Carl Fabergé made his contemporaries appreciate first and foremost the creative component in his products – the skills of the makers, the uniqueness of the technology and the concept, and only then notice the high value of the material itself. A substantial role in this was also played by the fact that the patrons he made his priority were people from the highest echelons of society: the imperial family and aristocratic circles – well educated judges, with broad intellectual horizons and a knowledge of both contemporary art in Russia and Europe and art history. In the hands of Fabergé’s jewellers, frames, timepieces, electric bell pushes, walking stick and umbrella handles, inkstands and many other everyday objects acquired the appearance of sophisticated works of art.
The outbreak of the First World War restricted production (just prior to 1914, around 600 people were employed in Fabergé’s workshops), but the firm adapted its facilities to the needs of wartime and began to produce items intended for the front. Such objects include a pan and container for sterilization bearing the inscription “Military Hospital named after the Heir and Grand Duke Alexei Nikolayevich in the Winter Palace” and the monograms of Empress Alexandra Feodorovna and her older daughters, Olga and Tatiana, who worked as nurses in the hospital that was installed in the state rooms of the imperial residence, a washbasin inscribed “Field Hospital Train № 142 named after Her Imperial Majesty Empress Maria Feodorovna” and a field samovar carrying the monograms of Emperor Nicholas II and his son, Tsesarevich Alexei.
The atmosphere of the period around the turn of the 20th century is recreated in the exhibition by portraits, costumes and personal belongings of members of the imperial family.
The exhibition has been prepared by the State Hermitage’s Department of Western European Applied Art (headed by Olga Grigoryevna Kotiuk).
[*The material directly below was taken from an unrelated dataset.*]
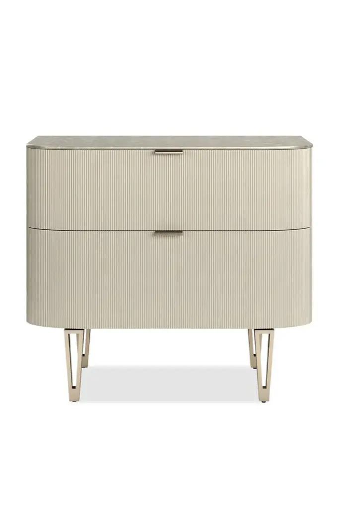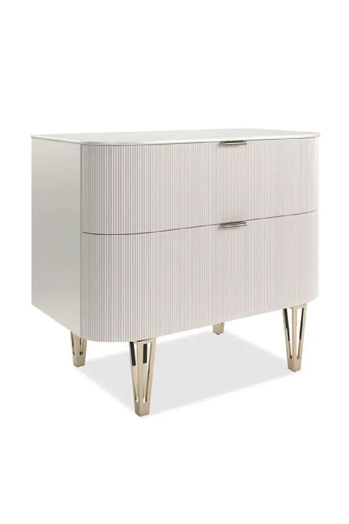 No other nightstand will look the same after you’ve experienced the graceful elegance of this head-turner. A lustrous palette and Whisper of Gold highlights its rounded silhouette and fluted surfaces. This nightstand’s glimmering tapered metal feet in Whisper of Gold add an unforgettable finishing touch.

The exhibition curators are Marina Nikolayevna Lopato, Doctor of Art Studies, Head of the Artistic Metal and Stone Sector in the Department of Western European Applied Art, and Tatiana Valeryevna Baboshina, researcher in the Department of Western European Applied Art.
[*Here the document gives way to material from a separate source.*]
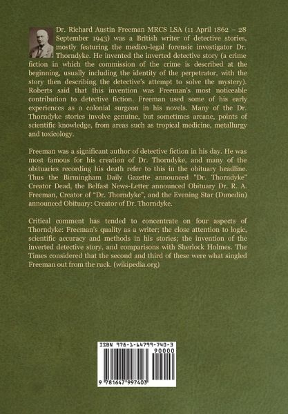 Dr. Richard Austin Freeman MRCS LSA (11 April 1862 - 28 September 1943) was a British writer of detective stories, mostly featuring the medico-legal forensic investigator Dr. Thorndyke. He invented the inverted detective story (a crime fiction in which the commission of the crime is described at the beginning, usually including the identity of the perpetrator, with the story then describing the detective's attempt to solve the mystery). Roberts said that this invention was Freeman's most noticeable contribution to detective fiction. Freeman used some of his early experiences as a colonial surgeon in his novels. Many of the Dr. Thorndyke stories involve genuine, but sometimes arcane, points of scientific knowledge, from areas such as tropical medicine, metallurgy and toxicology. Freeman was a significant author of detective fiction in his day. He was most famous for his creation of Dr. Thorndyke, and many of the obituaries recording his death refer to this in the obituary headline. Thus the Birmingham Daily Gazette announced "Dr. Thorndyke" Creator Dead, the Belfast News-Letter announced Obituary Dr. R. A. Freeman, Creator of "Dr. Thorndyke", and the Evening Star (Dunedin) announced Obituary: Creator of Dr. Thorndyke. Critical comment has tended to concentrate on four aspects of Thorndyke: Freeman's quality as a writer; the close attention to logic, scientific accuracy and methods in his stories; the invention of the inverted detective story, and comparisons with Sherlock Holmes. The Times considered that the second and third of these were what singled Freeman out from the ruck. (wikipedia.org)

A scholarly illustrated catalogue, Faberzhe – iuvelir Imperatorskogo dvora (2020), has been produced by the State Hermitage publishing house for the exhibition.
The catalogue has a foreword by Mikhail Borisovich Piotrovsky, General Director of the State Hermitage, entitled “Fabergé is back in the Winter Palace”.
The exhibition curator, author of the concept and the introduction to the catalogue is the late Marina Nikolayevna Lopato (1942–2020), Doctor of Art Studies, Head of the Artistic Metal and Stone Sector in the State Hermitage’s Department of Western European Applied Art (1978–2020), curator of the exhibition “Fabergé, Court Jeweller” in the State Hermitage in 1993.
The catalogue was compiled by Tatiana Valeryevna Baboshina, researcher in the State Hermitage’s Department of Western European Applied Art. The catalogue was designed by Irina Mikhailovna Dalekaya.